Thanks all. Just in waiting mode now.

-Angela


----------



## thismama




----------



## Cutie Patootie

Oh man.







I just saw this...and you are over in co-ops loving up on me?







I am thinking of you and sending postive thoughts for Tuesday.


----------



## alegna

Hey, a girl can be thankful for nuts anytime, right?









I don't know if I'm hopeful for Tuesday or not.

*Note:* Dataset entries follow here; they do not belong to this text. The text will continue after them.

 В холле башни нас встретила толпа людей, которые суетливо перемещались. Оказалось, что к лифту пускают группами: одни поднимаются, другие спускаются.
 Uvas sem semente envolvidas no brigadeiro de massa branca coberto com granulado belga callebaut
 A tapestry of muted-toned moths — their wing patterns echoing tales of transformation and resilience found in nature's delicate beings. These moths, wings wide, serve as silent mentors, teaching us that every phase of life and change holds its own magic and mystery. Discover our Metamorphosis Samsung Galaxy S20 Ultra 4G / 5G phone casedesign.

FWIW I haven't spotted at all today, but that's happened before... who the freak knows at this point.

I'm just hoping that if the baby is gone, he's long gone and I'm mostly through this.

If he's still in there that everything is hunky dory and I get to be a freak of nature once more









thanks to everyone for the thoughts.

-Angela


----------



## Parker'smommy

Angela, I just wanted to mention that if you go to the hospital and you are 20 weeks or over, you don't have to wait in the ER. You go straight to L&D. They will check right away with an u/s. You will not have to wait. And then you can decide what to do from there. You don't have to stay if you don't want to. My OB gave me the option to leave and deliver at home, I declined and labored at the hosptial. But I did have the option. You will too.

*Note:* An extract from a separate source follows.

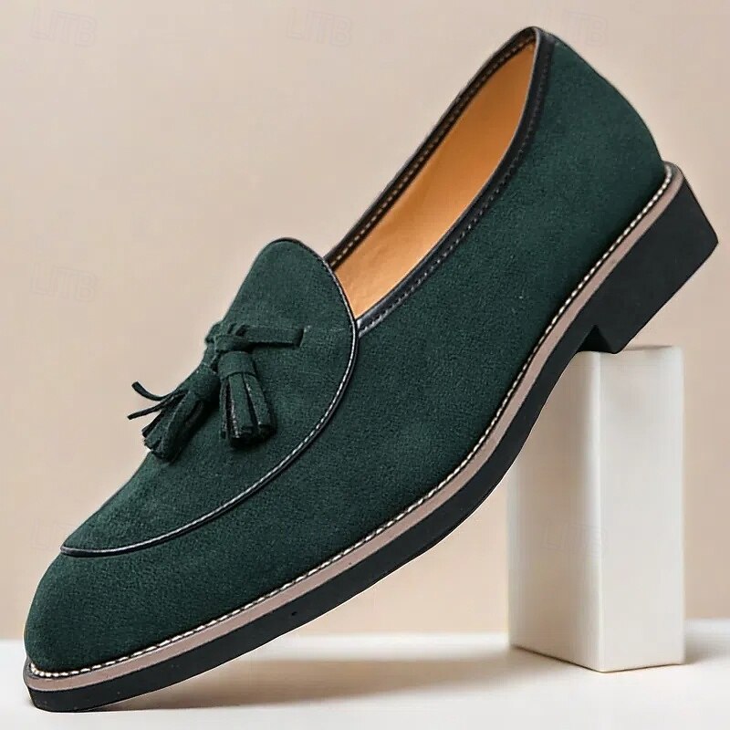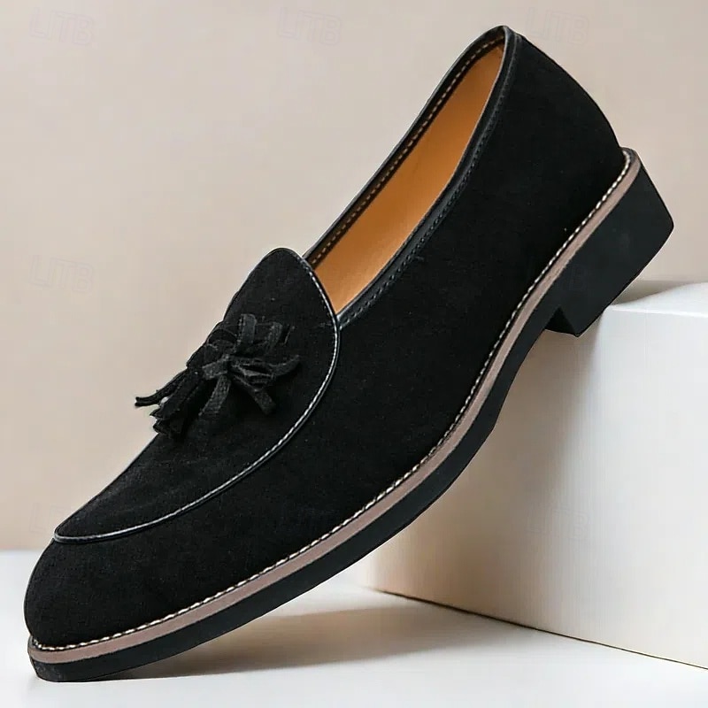 Men's Suede Loafers with Tassel Detail – Stylish Casual Slip-On Shoes with White Piping, Comfortable Footwear for Everyday Wear and Semi-Formal Events 24

I am so sorry you are having to go through this...many of us here have gone through almost exactly the same thing as you are going through right now. We are here for you.


----------



## mamamoo

Oh mama.





















Just for the record. I have a friend here in town who's baby was a hider, and they could not find the hb on doppler intil after 21 weeks. Thinking of you and hoping there is good news at your u/s.


----------



## ashleep

s mama. I'll be thinking about you.


----------



## alegna

Quote:


Originally Posted by *Parker'smommy* 
Angela, I just wanted to mention that if you go to the hospital and you are 20 weeks or over, you don't have to wait in the ER. You go straight to L&D. They will check right away with an u/s. You will not have to wait. And then you can decide what to do from there. You don't have to stay if you don't want to. My OB gave me the option to leave and deliver at home, I declined and labored at the hosptial. But I did have the option. You will too.

I am so sorry you are having to go through this...many of us here have gone through almost exactly the same thing as you are going through right now. We are here for you.

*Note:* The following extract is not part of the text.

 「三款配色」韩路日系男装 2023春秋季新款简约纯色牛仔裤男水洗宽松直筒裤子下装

Thanks for the info. But since I'm in for Tuesday that's MUCH less stressful for me....









-Angela


----------



## alegna

Quote:


Originally Posted by *mamamoo* 
Oh mama.





















Just for the record. I have a friend here in town who's baby was a hider, and they could not find the hb on doppler intil after 21 weeks. Thinking of you and hoping there is good news at your u/s.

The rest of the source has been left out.